1. Mengabulkan gugatan Penggugat untuk seluruhnya; -----------------------
2. Menyatakan Tergugat telah melakukan perbuatan melanggar hukum; ---
3. Menghukum Tergugat untuk membayar ganti rugi materiil secara tunai
kepada Penggugat melalui rekening Kas Daerah Kabupaten Merangin
sebesar Rp. 1.074.254.147.250,- (Satu Triliun Tujuh Puluh Empat
Miliar Dua Ratus Lima Puluh Empat Juta Seratus Empat Puluh Tujuh
Ribu Dua Lima Puluh Rupiah); ------------------------------------------------
4. Menghukum Tergugat untuk melakukan tindakan pemulihan
lingkungan terhadap lahan yang terbakar seluas 10.500 hektar dengan
biaya sebesar Rp. 2.630.154.948.750,- (Dua Triliun Enam Ratus Tiga
Puluh Miliar Seratus Lima Puluh Empat Juta Sembilan Ratus Empat
Puluh Delapan Ribu Tujuh Ratus Lima Puluh Rupiah ); Sehingga lahan
dapat difungsikan kembali sebagaimana mestinya sesuai dengan
peraturan perundang-undangan yang berlaku; -------------------------------
5. Menghukum Tergugat untuk membayar uang paksa (dwangsom)

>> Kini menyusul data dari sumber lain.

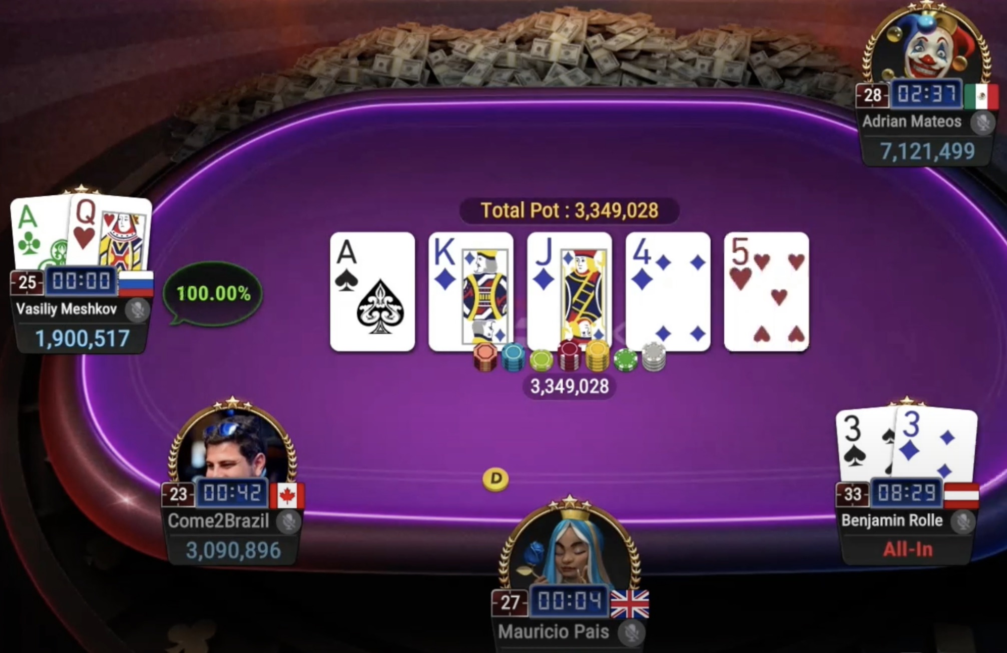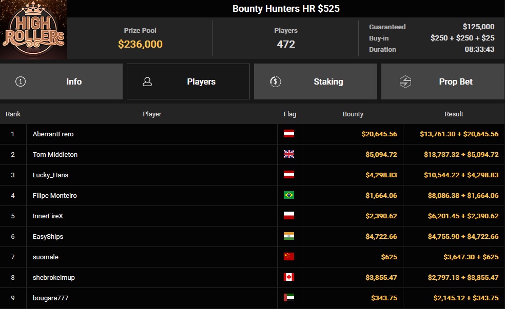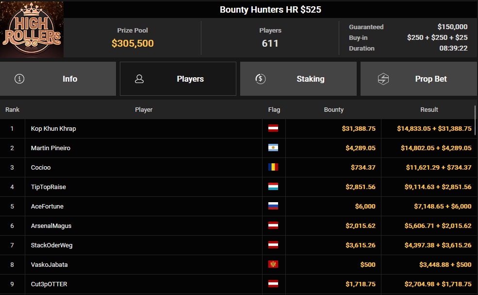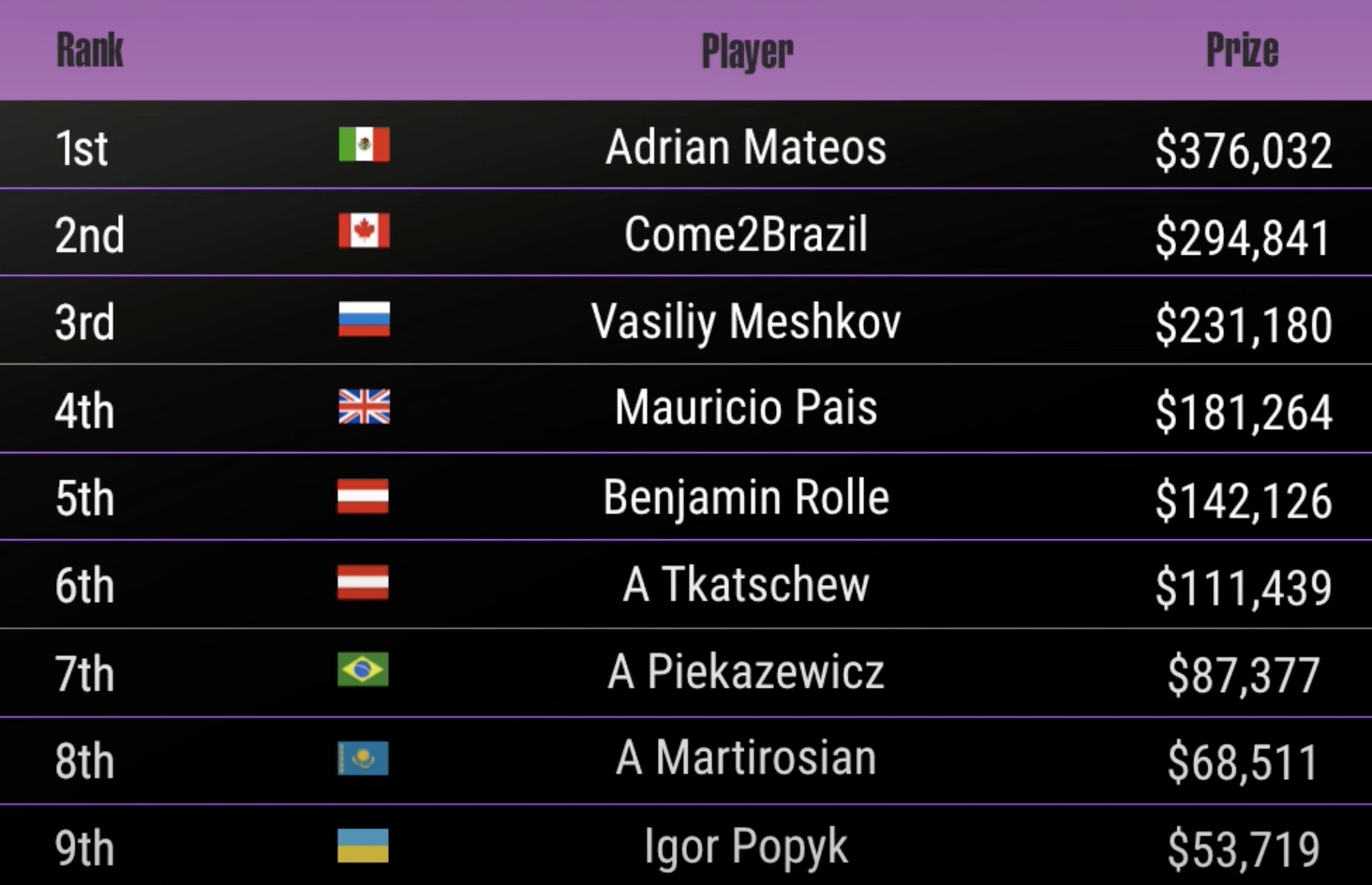 Das deutschsprachige Duo Alexander Tkatschew und Benjamin Rolle zeigte eine starke Leistung, doch der ursprüngliche Chipleader setzte sich am weitesten durch. Tkatschew landete auf dem 6. Platz, während Benjamin Rolle mit dem 5. Platz und einem Preisgeld von $142.126 abschloss.

sebesar Rp. 50.000.000,- (Lima Puluh Juta Rupiah) per hari atas
keterlambatan dalam melaksanakan putusan dalam perkara ini; ----------
6. Menghukum Tergugat untuk membayar bunga denda sebesar 6% (enam
persen) per tahun terhitung sejak terjadinya kerugian ini. ------------------
7. Memerintahkan Tergugat untuk tidak menanam di lahan gambut yang
telah terbakar seluas kurang lebih 10.500 hektar yang berada di dalam
wilayah Izin Usaha untuk usaha budidaya perkebunan kelapa sawit.-----
8. Menyatakan sah dan berharga sita jaminan yang diletakkan atas tanah,
bangunan dan tanaman di atasnya, sebagai berikut :
a. PT. Tucunan Palm (selanjutnya disebut “PT TP”), beralamat di Jl.

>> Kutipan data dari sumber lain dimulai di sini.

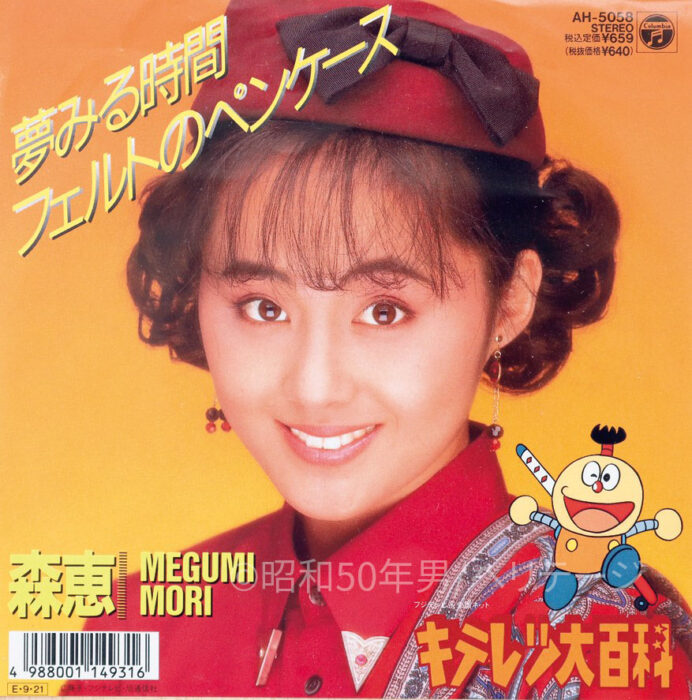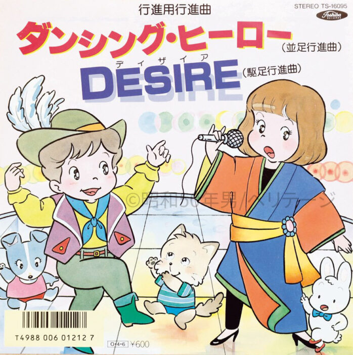 東芝EMIの行進曲レコは楽曲に寄せたかわいいイラストが特徴。「DESIRE」発売時の中森明菜風の衣装姿の女の子がキュート!

Justisia No 1, Mersam, Batang Hari, Provinsi Jambi;
b. Hutan budidaya area lahan gambut yang berlokasi di Kecamatan
Sungai Manau, Kabupaten Merangin, Provinsi Jambi, seluas seluas
20.00 ha (dua puluh ribu hektar) hektar. Sesuai dengan Keputusan
Bupati Merangin No. SK.338/BUP.Mer/2014. Yang dikuasai oleh
TERGUGAT/PT Tucunan Palm, pada hutan tanaman dalam
kawasan usaha perkebunan untuk budidaya area lahan gambut.

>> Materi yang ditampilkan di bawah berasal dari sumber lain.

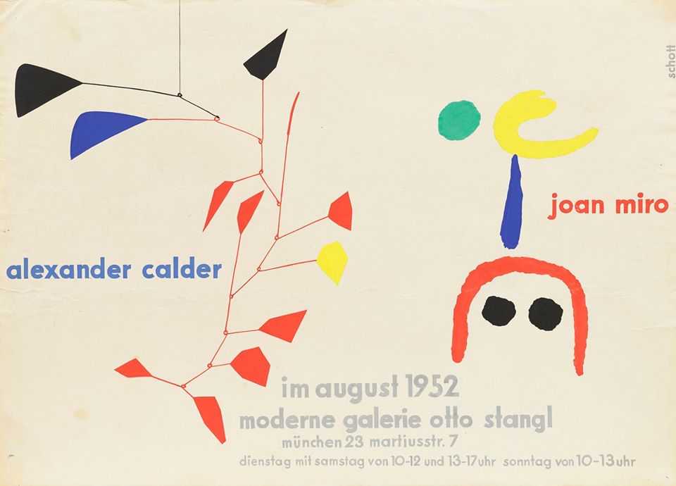 In addition to a mutual admiration and a close friendship Calder and Miró shared many artistic principles, such as the usage of pure colours and abstract forms. During the 1930s, they exhibited together in many group shows, the first one being in 1932, followed by a larger group exhibition in 1933. Most importantly, in 1937, the Spanish Republican government commanded both artists to create a set of new works for the Spanish Pavilion at the World Fair in Paris, where their works were exhibited next to Pablo Picasso’s legendary Guernica. Their synergy was so evident that Calder’s mobiles were described in 1936 by The New York Times as “living Miró abstractions” and in 1937, they had their first joint exhibition at the Honolulu Academy of Arts.

9. Menghukum Tergugat untuk membayar biaya perkara; --------------------
10. Menyatakan Putusan ini dapat dijalankan terlebih dahulu meskipun ada
banding atau kasasi atau upaya hukum lainnya (uit voorbaar bij voorrad). --
------------------------------------------------------------------------

Demikian Gugatan ini diajukan, apabila Yang Mulia Majelis Hakim yang
memeriksa perkara ini di Pengadilan Negeri Muara Bulian berpendapat lain
kami mohon putusan yang seadil-adilnya (ex aequo et bono). ------------------

Merangin, 02 Februari 2016


Hormat Kami,
Kuasa Hukum Perwakilan Gugatan Kelompok (Class Action)
Masyarakat Adat Melayu Merangin dan Warga Kabupaten Merangin

Rheza Sitorus, S.H. M.H. Maya Aulia, S.H. M.H.